-- The data follows --
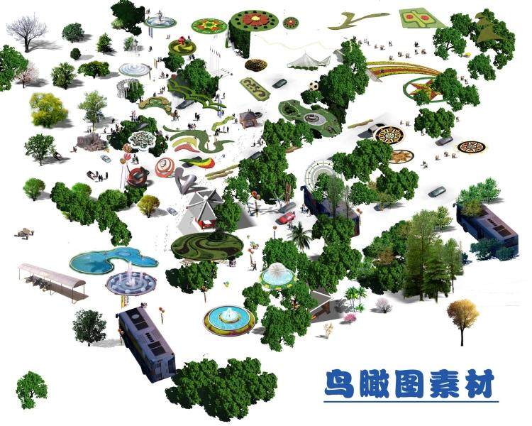 園林景觀綠化設(shè)計(jì)PSD樹木花草室外植物鳥瞰圖效果圖PS后期素材庫(kù)
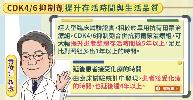 CDK4/6抑制劑能達到延後化療時間,且治療過程中生活品質好,患者接受度高
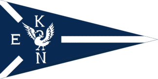 The pennant dark blue is parted by three white stripes from every corner. On their centre is the swan from the city arms in white, flanked by white initials "E"(hoist), "K"(top) and "N"(fly).
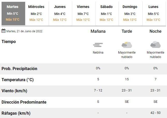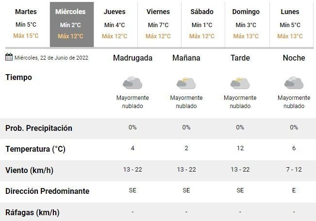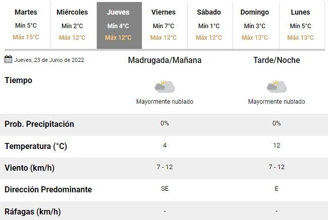 Con el sol asomando por momentos, será el día con la temperatura más alta de la semana ya que desde el miércoles hasta el domingo se esperan en promedio 12°C y mínimas apenas superando 1°C.
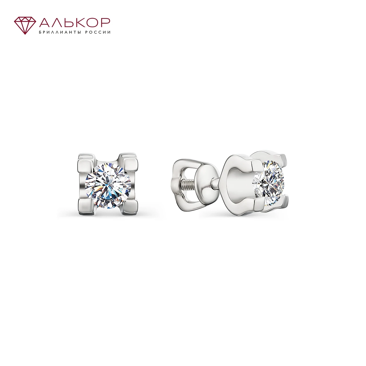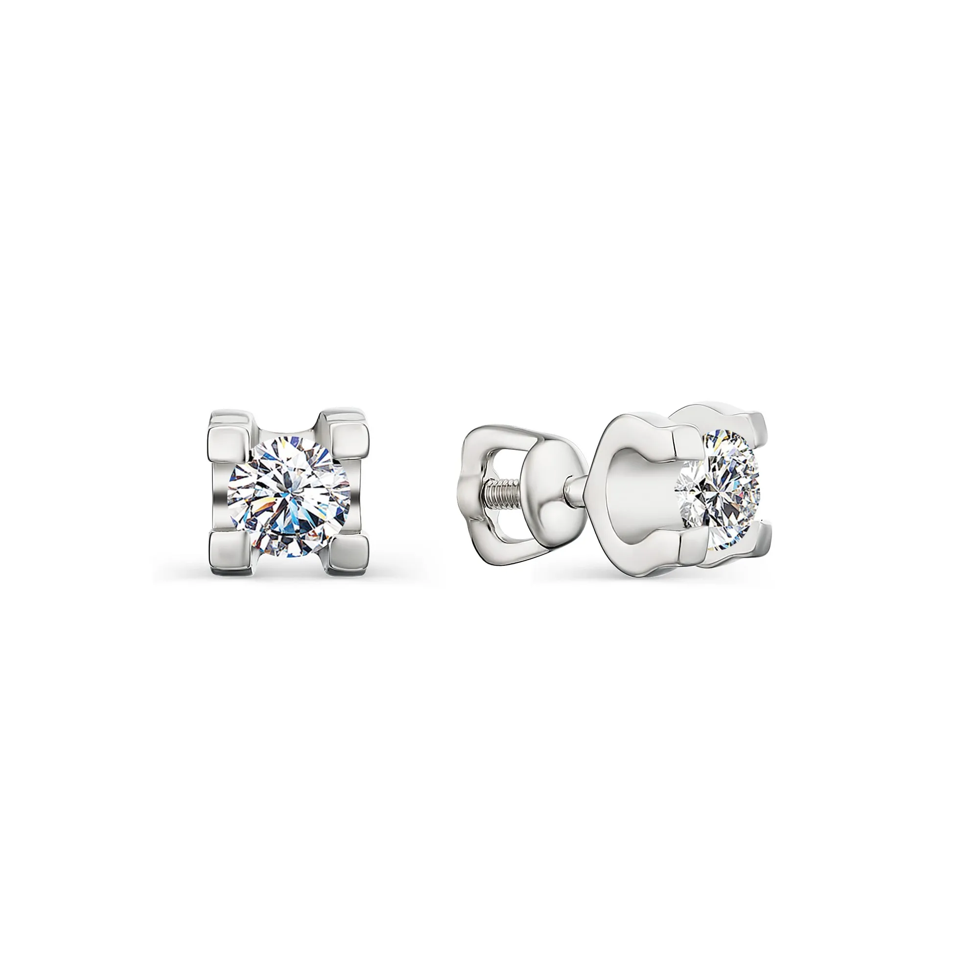 Женские серьги пусеты АЛЬКОР из родированного серебра 925 пробы с 2 фианитами. Средний вес: 1,95 гр.
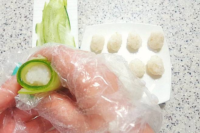 양념한 밥은 오이 속에 쏙 들어갈 한입 크기로 동글동글 말아줍니다. 밥을 말 때는 설탕이 들어가 밥이 달라붙으니 물을 묻혀가며 말아주시면 됩니다. 그다음 뭉쳐진 밥을 절여진 오이로 돌돌 말아주세요.
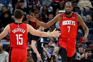 本場比賽,火箭先發(fā):謝潑德、阿門、杜蘭特、賈巴里、申京。
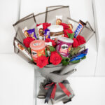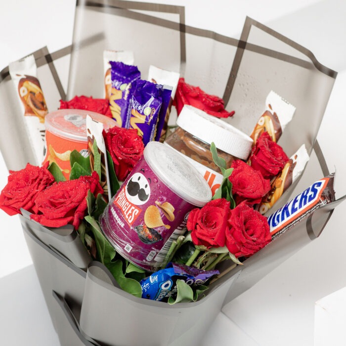 باقة جريئة ورومانسية تضم زهورًا حمراء نابضة بالحياة، وشوكولاتة فاخرة، وعلبة برينجلز المفضلة لدى الجميع، ملفوفة بورق أسود أنيق. تجمع هذه الباقة الفريدة بين الأناقة والمرح، وهي مثالية للتعبير عن الحب أو التقدير أو الاحتفال. سواء كانت مفاجأة لشخص مميز أو لحظة تدليل للنفس، فإن هذه الباقة تقدم الجمال والدلال في حزمة واحدة رائعة.
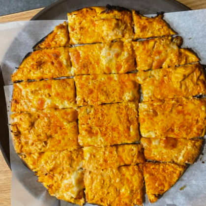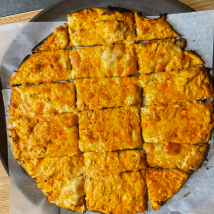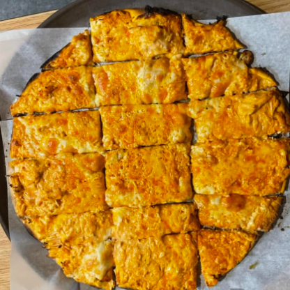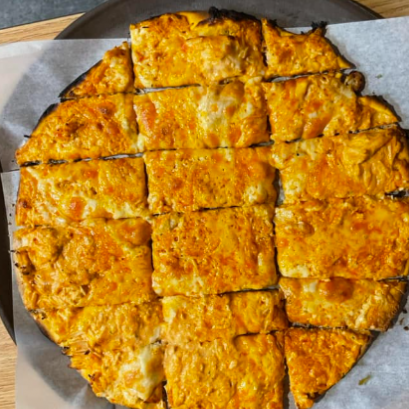 Creamy Buffalo Chicken, topped with Onions, Peppers and cheese.
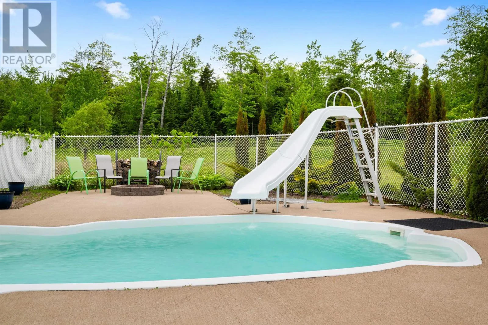 HWY 102 to Stewiacke, right on Main St. Right on St Andrews St - home on right Incredible value with this 1.5 story home on 1.5 acres in the thriving community of Stewiacke! This uniquely laid out home is ideal for the busy family with plenty of space on one floor with the added convenience of single level living. The custom kitchen features quartz countertops, marble tiles, stainless appliances and plenty of storage. Kitchen is open to the family room with pellet stove for those cold winter nights. A second living space can be found just down the hall with bar area, dining and 2 pc bath - this is a great entertainment space. Primary bedroom has his/her walk in closets and soaker tub in separate room which is conveniently attached to the main floor bath. Two more additional bedrooms round out this main level. Exit the back door to the oasis that is your back yard! Fresh (or salt) water in ground pool with water slide! The area has poured concrete for easy maintenance, bar area, gazebo and is fully fenced and private. Need more space? There is a bonus room upstairs which is partially finished ideal for office or guest space. Still need more space? The 24x24 detached garaged is fully finished with heat pump! All of this situated on a large country lot with park-like setting, paved driveway,14x16 shed, covered porch and minutes the amenities of Stewiacke!. Walking distance to Winding River Elementary and 40 minutes to Dartmouth! (id:27476)
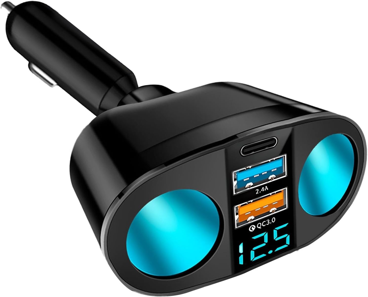 120W Car Charger Cigarette Lighter Adapter USB C QC3.0 and PD, 12V Multi-Socket
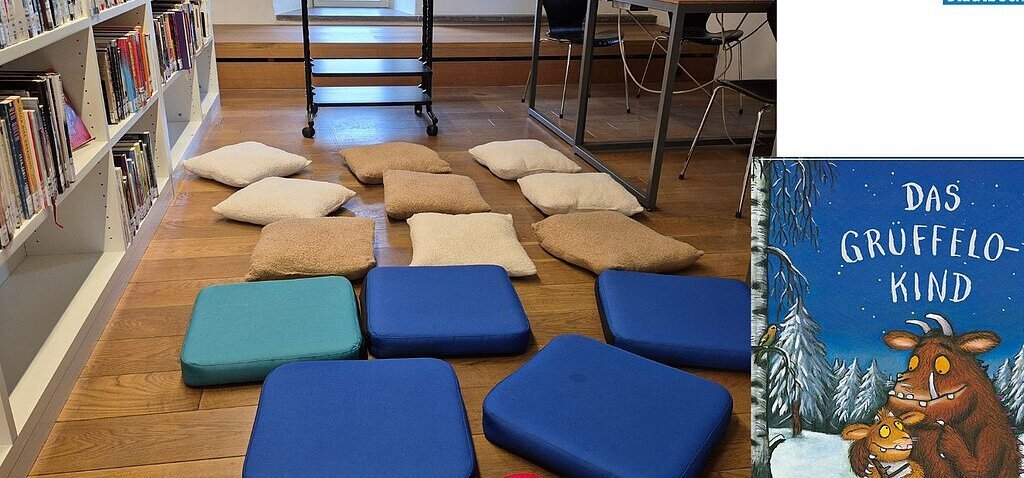 Einmal im Monat lesen wir in der Stadtbücherei Schweinfurt im Ebracher Hof Kindern ab 4 Jahren eine Geschichte aus einem Bilderbuch vor. Das Besondere daran: Die Bilder zur Geschichte werden im Großformat in einem Kasten präsentiert und können von den Kindern die ganze Zeit über betrachtet werden, während vorgelesen wird.
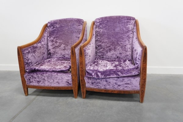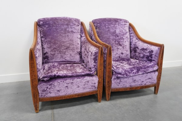 Paire de bergères en velours violet (bon état). Manque les coussins d'assise. Hauteur: 86cm.
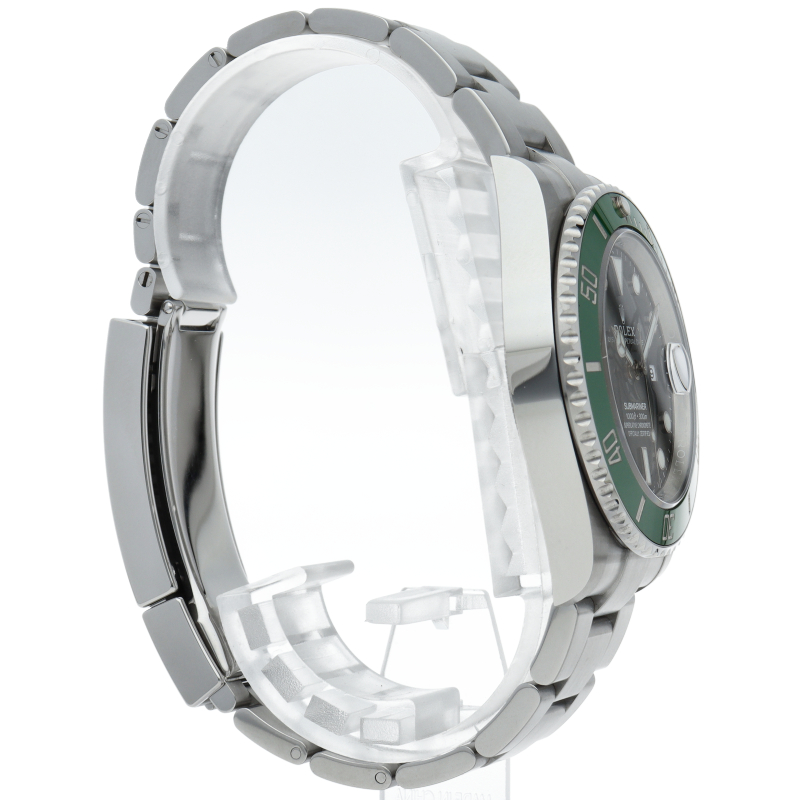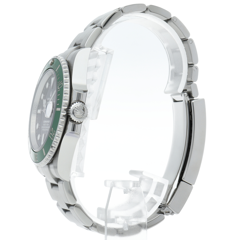 2003年にサブマリーナ誕生50周年記念として発表され高い人気を誇る“グリーンサブマリーナ”が新型自社ムーブメントを搭載しモデルチェンジしました。ブランドカラーであるグリーンのセラミックベゼルはそのままに文字盤がブラックになりました。ケースサイズは前作より1mm大きい41mmとなります。
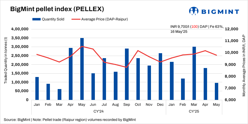 PELLEX, BigMint’s bi-weekly domestic pellet (Fe63%) index for Raipur, dropped by INR 100/tonne (t) ($1/t) to INR 9,700/t ($113/t) DAP Raipur on 16 May compared to the previous assessment on 13 May. Raipur-based pellet producers kept offers for Fe 63% (+/- 0.5%) stable at INR 9,600-9,700/t ($112-113/t) exw. However, deals took place at lower prices, with around 15,000 t heard traded at INR 9,500-9,600/t ($111-112/t) exw.
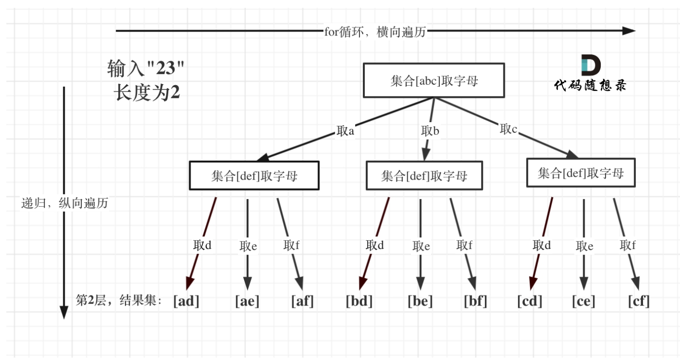 回溯函数参数:传入digits、index,index表示 "当前处理到数字字符串的第几个数字",而非普通组合的startIndex;普通组合的startIndex是为了 "去重 / 避免回头选",而这里的index是为了 "按顺序处理每个数字"(比如先处理第 0 位的 2,再处理第 1 位的 3),每一层递归对应一个数字的处理。
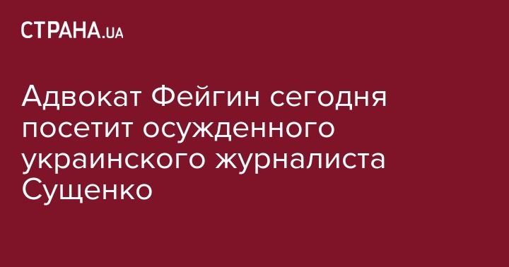 Общественный защитник осужденного в России по обвинению в шпионаже украинского журналиста Романа Сущенко Марк Фейгин сегодня. 11 июля, посетит его в тюрьме. Об этом Фейгин сообщил в Facebook.
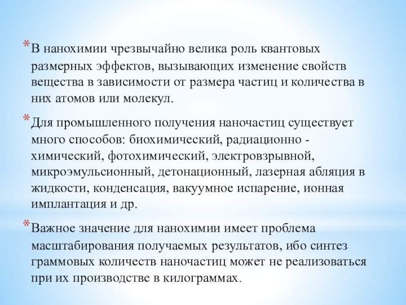 Наличие размерного эффекта, связанного с качественным изменением физико - химических свойств и реакционной способности в зависимости от количества атомов или молекул в частице, определяет специфику и особенности превращений веществ в нанохимии.
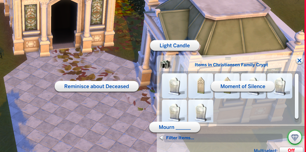 Am I stuck with these gravestones/urns, or is there any way to get them out of the crypt or be able to delete the crypts with the gravestones/urns in them? There's only so many urns/gravestones you can put in a crypt, and two of the crypts are legacy plays, and I don't remember these particular sims. So, I rather have the sims I remember fondly in there.
-- The data concluded --
### Requirement
After locating "باقة جريئة ورومانسية" and "Paire de bergères" in the records above, return exactly the line holding each one and every line between them; leave out the pictures.

### Answer section
 باقة جريئة ورومانسية تضم زهورًا حمراء نابضة بالحياة، وشوكولاتة فاخرة، وعلبة برينجلز المفضلة لدى الجميع، ملفوفة بورق أسود أنيق. تجمع هذه الباقة الفريدة بين الأناقة والمرح، وهي مثالية للتعبير عن الحب أو التقدير أو الاحتفال. سواء كانت مفاجأة لشخص مميز أو لحظة تدليل للنفس، فإن هذه الباقة تقدم الجمال والدلال في حزمة واحدة رائعة.
 Creamy Buffalo Chicken, topped with Onions, Peppers and cheese.
 HWY 102 to Stewiacke, right on Main St. Right on St Andrews St - home on right Incredible value with this 1.5 story home on 1.5 acres in the thriving community of Stewiacke! This uniquely laid out home is ideal for the busy family with plenty of space on one floor with the added convenience of single level living. The custom kitchen features quartz countertops, marble tiles, stainless appliances and plenty of storage. Kitchen is open to the family room with pellet stove for those cold winter nights. A second living space can be found just down the hall with bar area, dining and 2 pc bath - this is a great entertainment space. Primary bedroom has his/her walk in closets and soaker tub in separate room which is conveniently attached to the main floor bath. Two more additional bedrooms round out this main level. Exit the back door to the oasis that is your back yard! Fresh (or salt) water in ground pool with water slide! The area has poured concrete for easy maintenance, bar area, gazebo and is fully fenced and private. Need more space? There is a bonus room upstairs which is partially finished ideal for office or guest space. Still need more space? The 24x24 detached garaged is fully finished with heat pump! All of this situated on a large country lot with park-like setting, paved driveway,14x16 shed, covered porch and minutes the amenities of Stewiacke!. Walking distance to Winding River Elementary and 40 minutes to Dartmouth! (id:27476)
 120W Car Charger Cigarette Lighter Adapter USB C QC3.0 and PD, 12V Multi-Socket
 Einmal im Monat lesen wir in der Stadtbücherei Schweinfurt im Ebracher Hof Kindern ab 4 Jahren eine Geschichte aus einem Bilderbuch vor. Das Besondere daran: Die Bilder zur Geschichte werden im Großformat in einem Kasten präsentiert und können von den Kindern die ganze Zeit über betrachtet werden, während vorgelesen wird.
 Paire de bergères en velours violet (bon état). Manque les coussins d'assise. Hauteur: 86cm.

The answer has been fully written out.